The article reported the complainant’s purchase of an apartment in North London. It referred to a district in London, and a park which the property was near. There was a picture of the house in which the apartment was located.

The complainant was concerned that the newspaper had published sufficient information to identify the property. The nature of the house (and, in particular, its external colour) meant that it was easily recognisable – something that could impact on his personal privacy and security in light of the unwanted attention he sometimes received from over-zealous fans. Indeed, he had previously had to take serious action against specific individuals who posed a security threat. He was also concerned about the safety of his partner and child. Moreover, in this case, the newspaper had been asked in advance of publication not to identify the property.

The newspaper said that the area mentioned in the article covered a significant area of North London. There was no further information about the address, and the article did not state which of the apartments within the building was to be occupied by the complainant. Anyone determined to find the property would have been able to do so by other means, regardless of the article. Nonetheless, the newspaper was willing to try to resolve the matter, as it did not wish to cause the complainant difficulties. It removed the article permanently from its website, and undertook to apologise privately to him and not to republish similar details about the property in future. It also circulated a warning across the whole of Associated Newspapers to this effect.

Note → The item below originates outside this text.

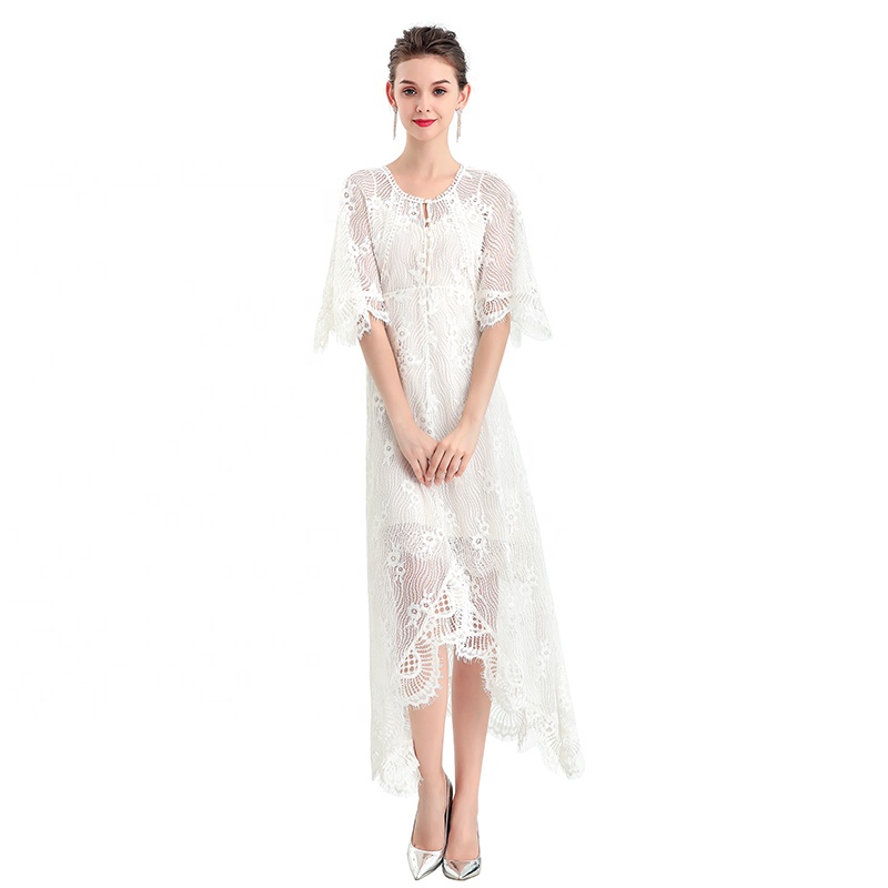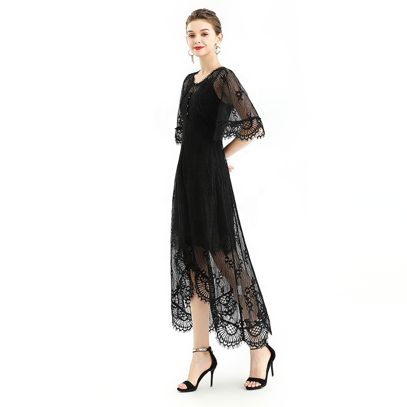 O-neck sexy,Eyelash scallop of ruffle hem/sleeve opening, Neck/ armhole/ sleeve opening sewn lace bringing most lightsopt,High low irregular hem,CF split by botton closing on bodice, Waist seam for slim waist, CF/CB seam,Ball gown flare skirt covering belly and bringing gliding feel. Loose fit flare long dress.

The complainant asked the newspaper to meet the security costs that he felt were necessary following the article. These costs were around £25,000. The newspaper was not willing to do so.

Decision:
Sufficient remedial action offered

Adjudication:

The Commission has previously made clear that newspapers should not gratuitously identify the homes of individuals who might be exposed to specific security problems. The complainant – who said he had been the subject of unwanted and overzealous personal attention from fans – fell into this category. The Commission’s first task in considering this complaint was therefore to decide whether the newspaper had in fact published sufficient information to put the precise location of the home into the public domain.

On balance, the Commission considered that the article had contained too much detail, and ran a clear risk of identifying the property without justification. The conjunction of the unusual colour and size of the property on the one hand, with the reference to a specific area and park in North London on the other, was enough information – in the Commission’s view – to identify the whereabouts of the dwelling. This was therefore a breach of the Code. Had the article referred broadly to London – or even North London – it would have stayed within the terms of the Code.

Having made this decision, the Commission’s next step was to consider whether the newspaper’s action was a sufficient remedy to the complaint. The paper had promptly removed the article from the internet, offered to apologise to the complainant, undertaken not to republish the details, and taken internal steps to ensure that these measures were respected. In the circumstances, the Commission considered that this was a suitable remedy to the breach of the Code.